The set \(W\) of all functions \(f\) from \(\R\) to \(\R\) such that \(f(0) \geq 0\) using the standard addition and multiplication by scalars on functions.

Solution.

We will show that \(W\) is not a vector space. Let \(f: \R \to \R\) be defined by \(f(x) = 1\text{.}\) Then \(f(0) \geq 0\) and \(f \in W\text{.}\) However, if \(h = (-1)f\text{,}\) then \(h(0) = (-1)f(0) = -1\) and \(h \notin W\text{.}\) It follows that \(W\) is not closed under multiplication by scalars and \(W\) is not a vector space.

Example 31.8.

Let \(V\) be a vector space and \(\vu\) and \(\vv\) vectors in \(V\text{.}\) Also, let \(a\) and \(b\) be scalars. You may use the result of Exercise 5 that \(c \vzero = \vzero\) for any scalar \(c\) in any vector space.

(a)

If \(a \vv = b \vv\) and \(\vv \neq \vzero\text{,}\) must \(a = b\text{?}\) Use the properties of a vector space or provide a counterexample to justify your answer.

Solution.

We will show that this statement is true. Suppose \(a \vv = b \vv\) and \(\vv \neq \vzero\text{.}\) Then \(\vzero = a \vv - b \vv = (a-b)\vv\text{.}\) If \(a = b\text{,}\) then we are done. So suppose \(a \neq b\text{.}\) Then \(a-b \neq 0\) and \(\frac{1}{a-b}\) is a real number. Then

\begin{align*} \frac{1}{a-b} \vzero \amp = \frac{1}{a-b}((a-b)\vv)\\ \vzero \amp = \left(\frac{1}{a-b}(a-b)\right) \vv\\ \vzero \amp = \vv\text{.} \end{align*}

But we assumed that \(\vv \neq \vzero\text{,}\) so we can conclude that \(a = b\) as desired.

(b)

If \(a \vu = a \vv\) and \(a \neq 0\text{,}\) must \(\vu = \vv\text{?}\) Use the properties of a vector space or provide a counterexample to justify your answer.

Solution.

We will show that this statement is true. Suppose \(a \vu = a \vv\) and \(a \neq 0\text{.}\) Then \(\vzero = a \vu - a \vv = a(\vu - \vv)\text{.}\) Since \(a \neq 0\text{,}\) we know that \(\frac{1}{a}\) is a real number. Thus,

\begin{align*} \frac{1}{a} \vzero \amp = \frac{1}{a} \left(a (\vu - \vv)\right)\\ \vzero \amp = \left( \frac{1}{a}a\right) (\vu - \vv)\\ \vzero \amp = \vu - \vv\\ \vu \amp = \vv\text{.} \end{align*}
(c)

If \(a\vu = b\vv\text{,}\) must \(a = b\) and \(\vu = \vv\text{?}\) Use the properties of a vector space or provide a counterexample to justify your answer.

Solution.

We will demonstrate that this statement is false with a counterexample. Let \(a = 1\text{,}\) \(b = 2\text{,}\) \(\vu = [2 \ 0]^{\tr}\) and \(\vv = [1 \ 0]^{\tr}\) in \(\R^2\text{.}\) Then

\begin{equation*} a \vu = 1[2 \ 0]^{\tr} = [2 \ 0]^{\tr} = 2[1 \ 0]^{\tr} = b \vv\text{,} \end{equation*}

but \(a \neq b\) and \(\vu \neq \vv\text{.}\)

Subsection Summary

  • A set \(V\) on which an operation of addition and a multiplication by scalars is defined is a vector space if for all \(\vu\text{,}\) \(\vv\text{,}\) and \(\vw\) in \(V\) and all scalars \(a\) and \(b\text{:}\)

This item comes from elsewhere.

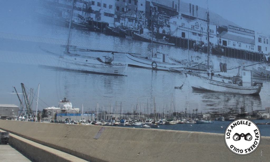 Through the glass, you can see the modern-day marina covered over by the ghostly image of boats moored at the former fishing village with canneries from across the harbor in the background. It’s a haunting image and dark reflection of the community’s tragic history.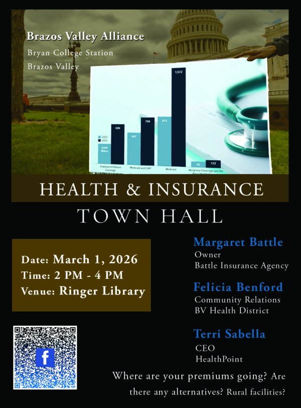 Greetings! We are hosting a Town Hall at Ringer Library on Sunday March 1, 2026 from 2:00 pm to 4:00 pm. The Q&A topic is Insurance and Health Resources in our community. We are looking forward to Q&A's from our panelists Felicia Benford from the Brazos Valley Health District, Terri Sabella CEO of Healthpoint, and Margaret Battle of Battle Insurance Agency. Additionally, Felicia and Terri are bringing teams to answer questions about local health services and options

    1. \(\vu + \vv\) is an element of \(V\text{,}\)

    2. \(\vu + \vv = \vv + \vu\text{,}\)

    3. \((\vu + \vv) + \vw = \vu + (\vv + \vw)\text{,}\)

    4. there is a zero vector \(\vzero\) in \(V\) so that \(\vu + \vzero = \vu\text{,}\)

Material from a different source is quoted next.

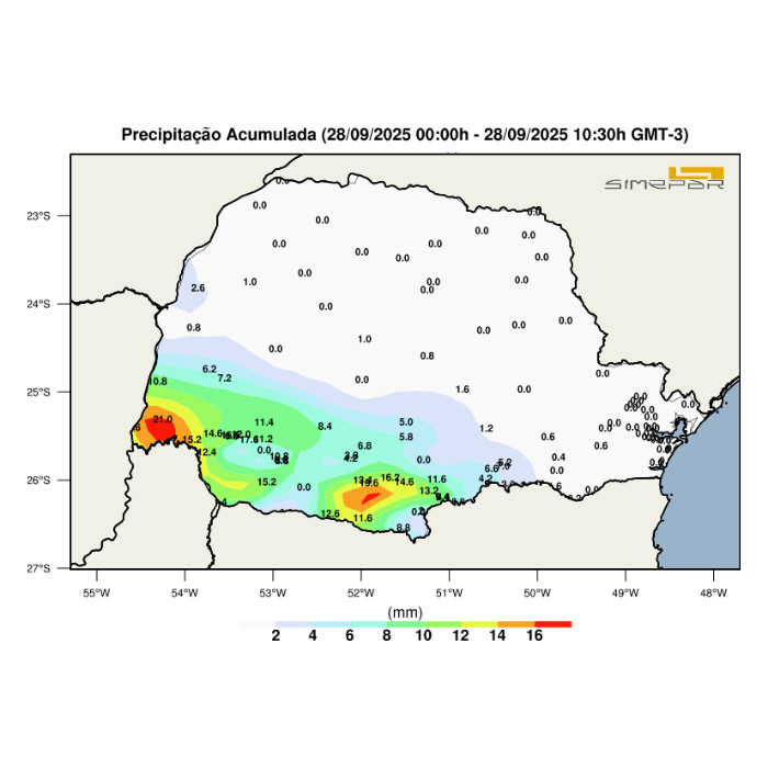 As precipitações seguem atuando sobre o Paraná, com padrão de distribuição desorganizado e gradativa diminuição da intensidade à medida que a área de instabilidade se desloca para o leste do estado. Os maiores acumulados ocorreram no Sudoeste Paranaense durante a madrugada, destacando-se São Miguel do Iguaçu, com 21 mm registrados. Na última atualização do mapa de precipitação, observa-se o deslocamento das chuvas para o Centro-Sul, com maior concentração nas proximidades da região de Palmas, onde foram observados 19,6 mm. Neste momento, a precipitação ainda persiste nesta área.

    5. for each \(\vx\) in \(V\) there is an element \(\vy\) in \(V\) so that \(\vx + \vy = \vzero\text{,}\)

    6. \(a \vu\) is an element of \(V\text{,}\)

    7. \((a+b) \vu = a\vu + b\vu\text{,}\)

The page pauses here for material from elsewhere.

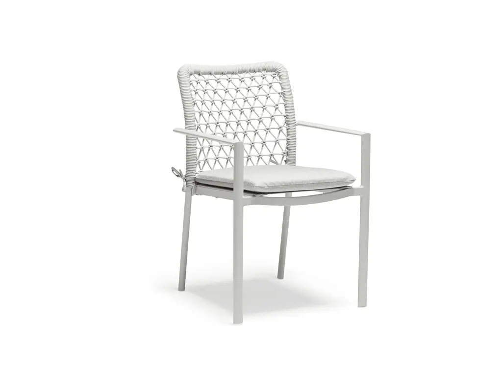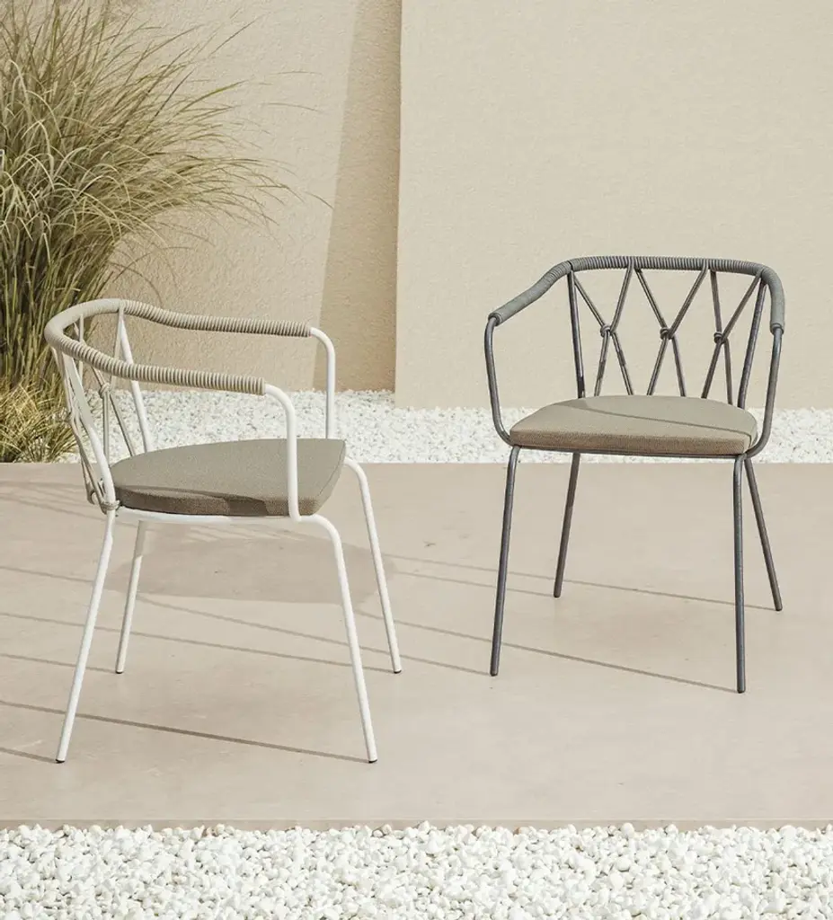 The Outdoor Scala collection is designed to offer a total living in continuity with nature and it is characterised by sinuous lines that follow the natural progression of the environments that hosts them.Inspired by the traditional chairs with metal and rope frame, Marco Piva has designed an elegant and light seat, a suspended architecture of great modernity.

    8. \(a(\vu + \vv) = a\vu + a\vv\text{,}\)

    9. \((ab) \vu = a(b\vu)\text{,}\)

    10. \(1 \vu = \vu\text{.}\)

  • A subset \(H\) of a vector space \(V\) is a subspace of \(V\) if

    1. whenever \(\vu\) and \(\vv\) are in \(H\) it is also true that \(\vu + \vv\) is in \(H\text{,}\)

    2. whenever \(\vu\) is in \(H\) and \(a\) is a scalar it is also true that \(a\vu\) is in \(H\text{,}\)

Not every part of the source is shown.